This repo has a full bicep deployment for a Kubernetes Cluster, including a github workflow to deploy it.
I've written my own templates for deploying AKS in Azure Bicep, and I've been maintaining them for a number of years at this point. They are relatively opinionated as to what features I use, and I last overhauled them completely in early 2024. I'm still maintaining them, and doing clean deploys as of March 2024. If you're not interested in my infrastructure code, but want to deploy Kubernetes to Azure, you should consider the AKS Construction as an alternative. There are also AKS templates in the Azure Quickstart Templates, although those are relatively simplistic -- fine for a test case or demo, but perhaps not for your production cluster.
These pre-requisites are not part of the CI/CD build, because they only have to be done once, but the Initialize-Azure
script is essentially idempotent and re-runnable.
- Enable some features in your Azure tenant (some of which are pre-release features as of this writing)
- Create a resource group in Azure to deploy to (currently TWO resource groups, see Azure Service Operator below)

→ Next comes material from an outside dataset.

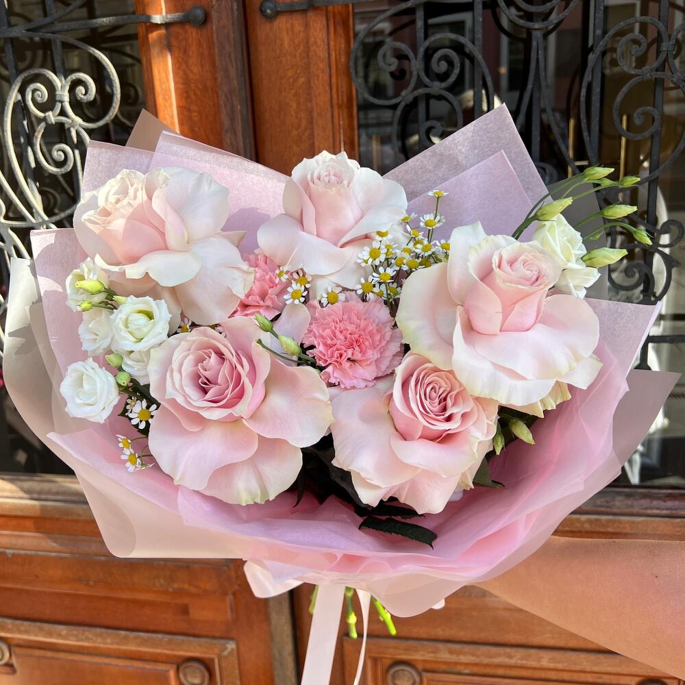Категории: Гвоздики, Лизиантусы, Розы, Ромашки
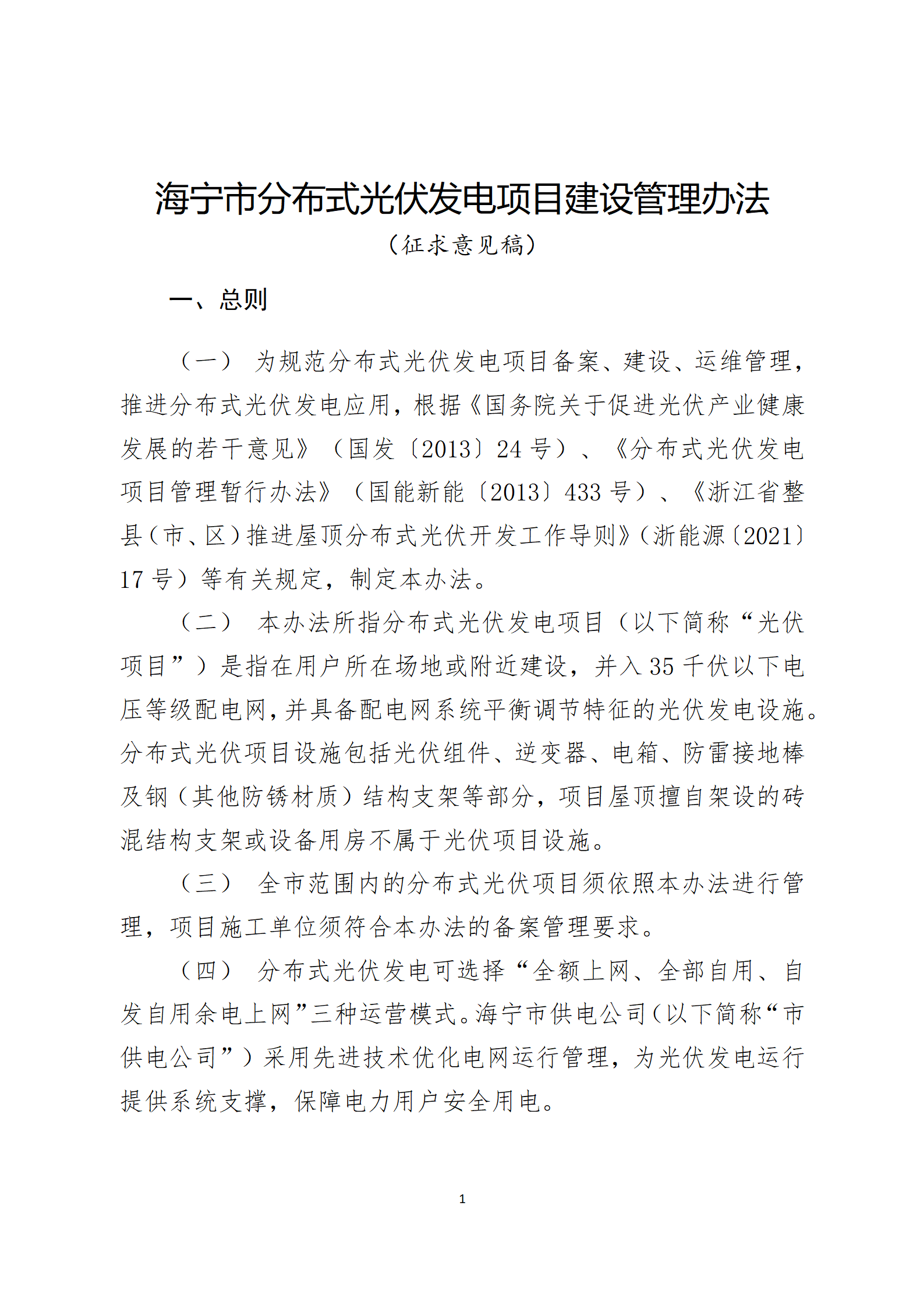 關(guān)于公開征求《海寧市分布式光伏發(fā)電項目建設(shè)管理辦法》(征求意見稿)意見的通知

- Create a service account in Azure for automation
- Assign the "owner" role on the resource group to the service account
- Create secrets in github for authentication as that service account
The first step, enabling features, only has to be done once per subscription. For best practices, the remaining steps should be done once for each cluster, for security purposes. The idea is that the subscription owner runs this script by hand, and then the automated service account is restricted to deploying to this single resource group.
See Initialize-Azure
for details. You might call it like this:
./Initialize-Azure -BaseName $name
I'm testing some things with the Azure Service Operator, and for right now, this bicep creates a third resource group (i.e. if you create 'rg-poshcode' in Azure, AKS will create 'rg-poshcode-aks' and the bicep needs 'rg-poshcode-aso' to contain the operator). That way it's creating a user assigned identity for the Azure Service Operator to use which has Contributor
access just to the -aso resource group.
In order to avoid giving the github service account additional access, I modified the Initialize-Azure PowerShell script instead.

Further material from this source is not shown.